— Information given —

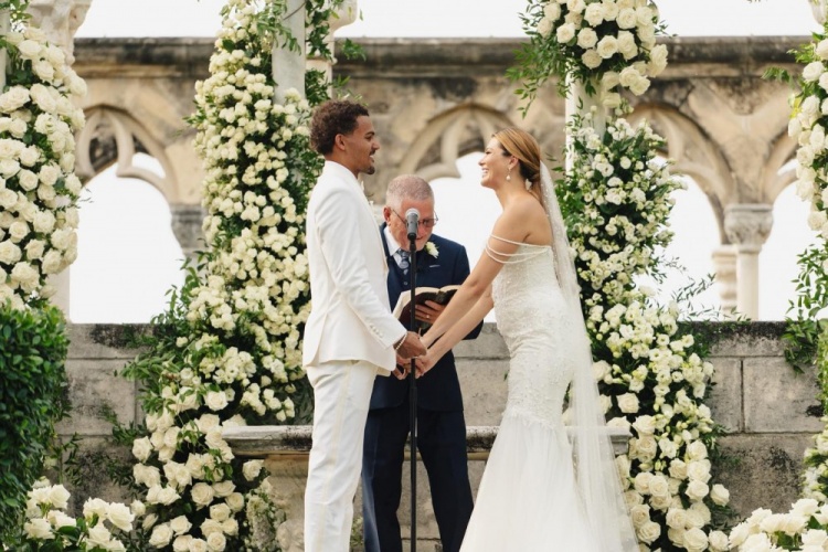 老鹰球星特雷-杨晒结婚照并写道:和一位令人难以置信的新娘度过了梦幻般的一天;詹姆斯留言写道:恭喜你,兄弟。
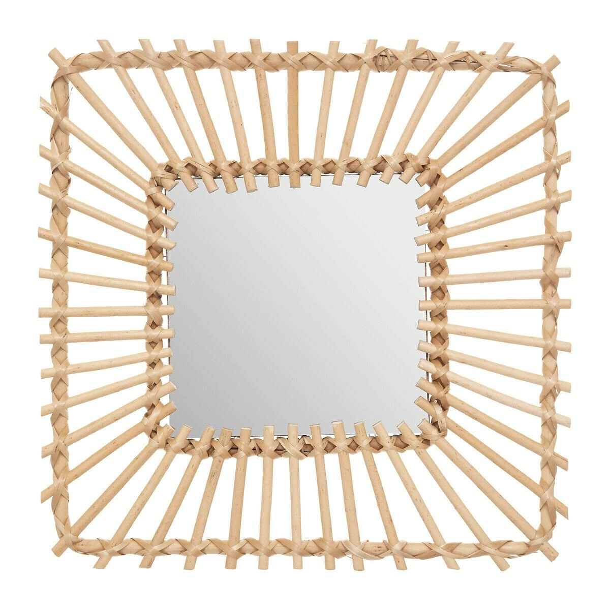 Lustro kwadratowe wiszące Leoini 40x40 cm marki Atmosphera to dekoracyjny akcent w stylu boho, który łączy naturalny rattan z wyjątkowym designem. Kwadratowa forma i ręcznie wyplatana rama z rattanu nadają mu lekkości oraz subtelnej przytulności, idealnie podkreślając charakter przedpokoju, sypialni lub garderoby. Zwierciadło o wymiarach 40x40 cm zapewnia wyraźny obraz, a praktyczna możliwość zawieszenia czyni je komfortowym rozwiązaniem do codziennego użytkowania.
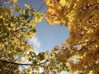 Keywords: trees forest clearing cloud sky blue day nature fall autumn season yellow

==

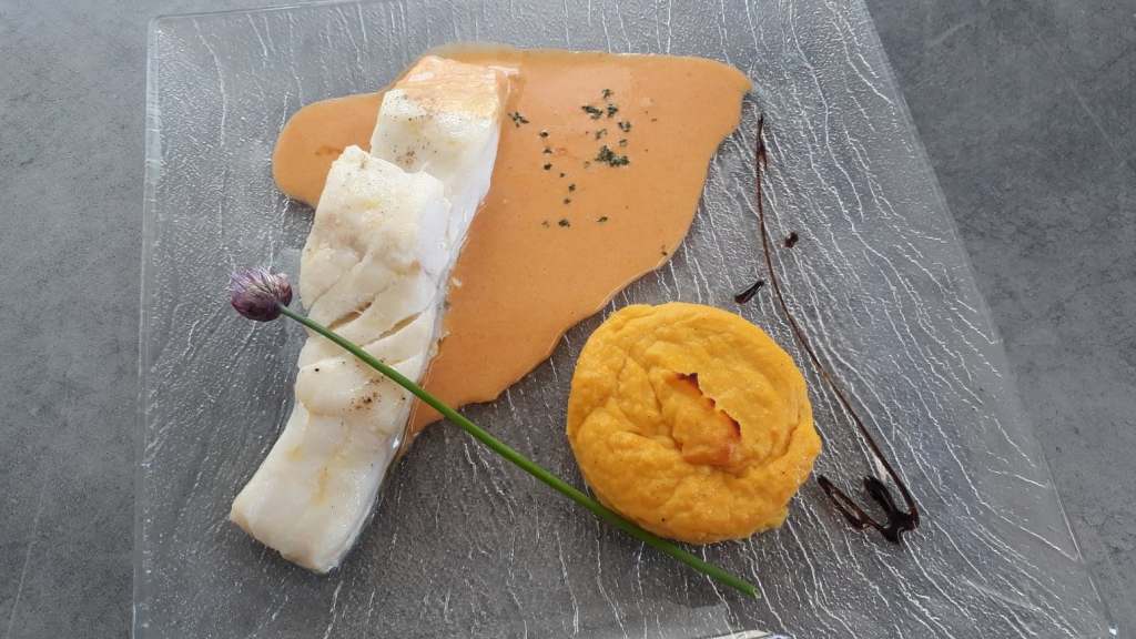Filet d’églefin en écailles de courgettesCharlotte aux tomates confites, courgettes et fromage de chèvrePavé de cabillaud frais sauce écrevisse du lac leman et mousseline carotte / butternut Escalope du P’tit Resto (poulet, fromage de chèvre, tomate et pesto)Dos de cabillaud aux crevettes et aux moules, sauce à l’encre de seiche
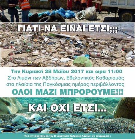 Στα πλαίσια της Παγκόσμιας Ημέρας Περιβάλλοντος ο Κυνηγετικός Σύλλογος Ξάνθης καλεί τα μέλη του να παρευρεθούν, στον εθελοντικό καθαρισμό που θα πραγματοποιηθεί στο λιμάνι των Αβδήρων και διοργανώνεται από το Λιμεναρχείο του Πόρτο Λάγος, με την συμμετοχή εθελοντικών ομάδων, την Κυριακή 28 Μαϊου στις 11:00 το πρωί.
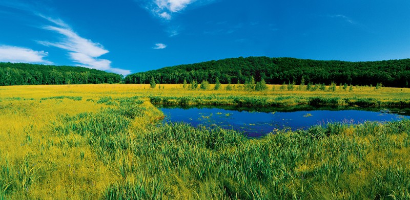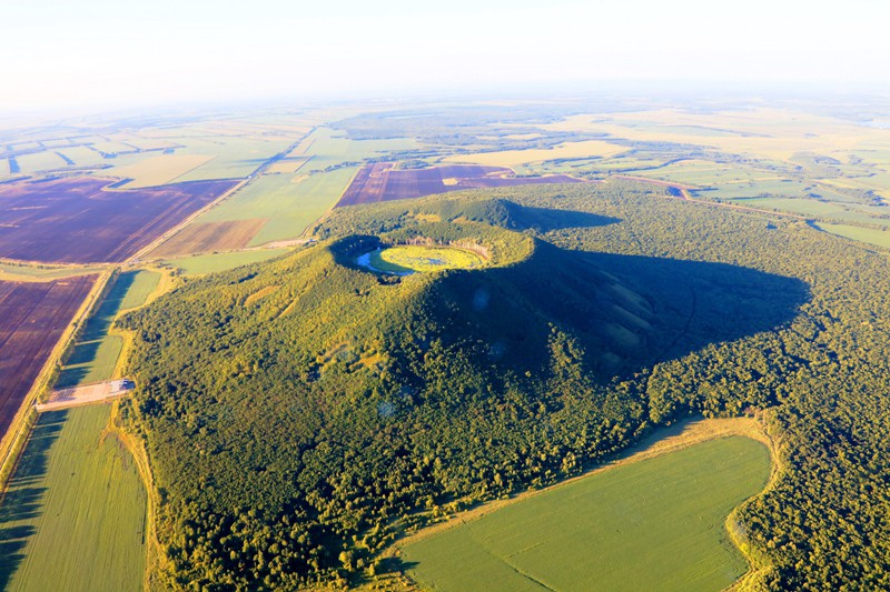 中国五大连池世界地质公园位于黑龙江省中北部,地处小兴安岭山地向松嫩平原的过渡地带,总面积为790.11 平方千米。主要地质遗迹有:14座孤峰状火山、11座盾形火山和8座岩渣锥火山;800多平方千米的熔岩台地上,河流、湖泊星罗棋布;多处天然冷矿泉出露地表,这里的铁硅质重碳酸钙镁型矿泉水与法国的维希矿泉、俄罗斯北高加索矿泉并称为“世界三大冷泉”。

— Your goal —
What you need to produce is an exact copy of the entries above, limited to the lines from the one with "Στα πλαίσια της" up to and including the one with "中国五大连池世界地质公园位于", without pictures.

— Result of this task —
 Στα πλαίσια της Παγκόσμιας Ημέρας Περιβάλλοντος ο Κυνηγετικός Σύλλογος Ξάνθης καλεί τα μέλη του να παρευρεθούν, στον εθελοντικό καθαρισμό που θα πραγματοποιηθεί στο λιμάνι των Αβδήρων και διοργανώνεται από το Λιμεναρχείο του Πόρτο Λάγος, με την συμμετοχή εθελοντικών ομάδων, την Κυριακή 28 Μαϊου στις 11:00 το πρωί.
 中国五大连池世界地质公园位于黑龙江省中北部,地处小兴安岭山地向松嫩平原的过渡地带,总面积为790.11 平方千米。主要地质遗迹有:14座孤峰状火山、11座盾形火山和8座岩渣锥火山;800多平方千米的熔岩台地上,河流、湖泊星罗棋布;多处天然冷矿泉出露地表,这里的铁硅质重碳酸钙镁型矿泉水与法国的维希矿泉、俄罗斯北高加索矿泉并称为“世界三大冷泉”。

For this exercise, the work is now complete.